Si les victoires aux dépens des Jets de Winnipeg et du Lightning de Tampa Bay ont ravivé une subtile odeur de séries éliminatoires, la défaite devant les Blues de St. Louis l'a balayée d'un coup.

Mis à jour le 11 janv. 2012
François Gagnon LA PRESSE

Le Canadien n'a pas bien joué hier. C'est un fait. Mais les Blues ne lui ont pas vraiment donné la chance de bien jouer non plus. En fait, ils ne lui ont pas donné de chance du tout tellement le Canadien n'est pas dans la même ligue que les Blues.

À tous ceux qui se demandaient ce que Jacques Martin voulait dire quand il soulignait que son équipe jouait bien ou mal sans la rondelle, les Blues en ont fait une brillante démonstration hier: avec un premier joueur actif en échec avant et un deuxième qui l'appuyait au moindre signe de vulnérabilité des défenseurs du Tricolore et Dieu sait qu'ils sont souvent vulnérables , les Blues ont poussé le Canadien à commettre 21 revirements. C'est énorme.

Et en plus de les pousser à l'erreur, les Blues se sont dressés devant leur gardien pour limiter le Canadien à 19 tirs seulement. Et sur ce nombre, 7, 8, peut-être 10 se sont transformés en véritables occasions de marquer. C'était la 14e fois en 29 matchs depuis l'arrivée de Ken Hitchcock que les Blues limitaient leurs adversaires à moins de 25 tirs dans une rencontre.
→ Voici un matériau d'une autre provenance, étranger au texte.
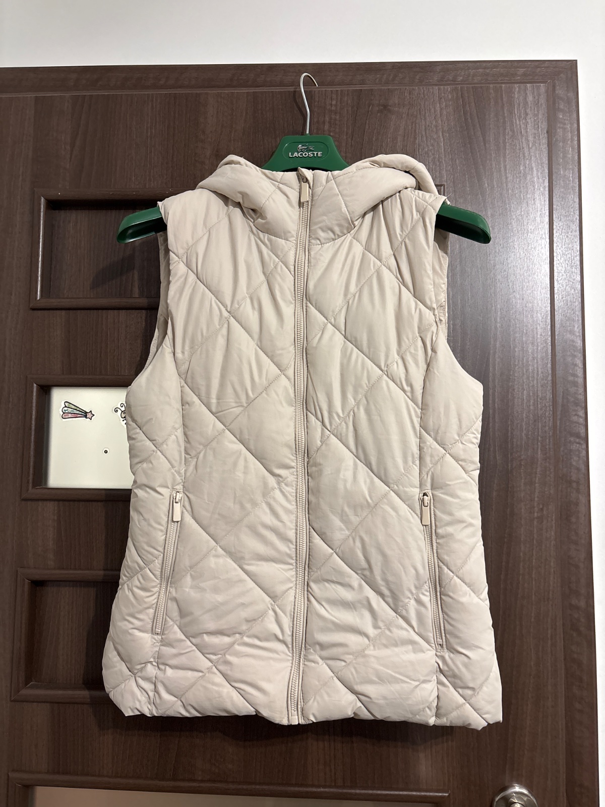 Uplne nova, este s visackou, vatovana vesta, velmi pekna, vhodna ako prechodna na jar a jesen. Sirka pod ramenami vo volnom stave je 47 cm a da sa este natiahnut do 50 a celkova dlzka je 65,5 cm. N...
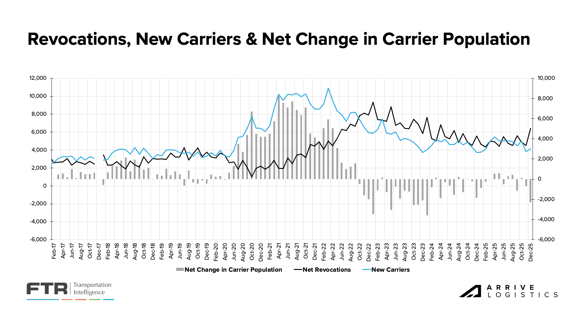 FTR data shows the for-hire carrier population fell by 2,287, the largest monthly decline since early 2024. Source: Arrive Logistics, FTR Transportation Intelligence

Ils mènent d'ailleurs la LNH avec une moyenne de 26,6 depuis le début de la saison.

Pas question d'enlever à Jaroslav Halak le mérite qui lui revient, ça non ! Surtout que son arrêt aux dépens de Tomas Plekanec en échappée, au début du match, a donné le ton à la rencontre. Mais les Blues, appliquant fidèlement les structures défensives de Hitchcock, ont aidé la cause de Halak, comme ils l'ont souvent fait aussi cette année devant Brian Elliott.

Pour couronner le tout, les Bleus ne sont pas seulement bons sans la rondelle, ils le sont aussi avec la petite noire qu'ils ont glissée trois fois plutôt qu'une derrière un Carey Price, visiblement échaudé par la chaleureuse ovation que «ses» partisans ont réservée à Jaroslav Halak à titre de première étoile du match.

Défenseur le plus utilisé du Canadien hier (22:43), P.K. Subban avait donc plus de chances d'être pris à contrepied. On veut bien. Mais en se laissant contourner comme il s'est laissé contourner par Ryan Reaves sur le premier but des Blues, il a commis une erreur monstrueuse.

En passant, Reaves est le matamore des Blues et non la pierre angulaire de l'attaque de l'équipe. Avant de récolter son premier point sur le but qu'il a préparé, Reaves n'avait que 48 minutes de pénalité en guise de statistiques personnelles.

P.K. n'a pas été fort. Le Canadien n'ont plus. Mais ils ne méritent pas d'être traînés dans la boue. Pourquoi? Parce que les Blues étaient simplement trop forts pour eux.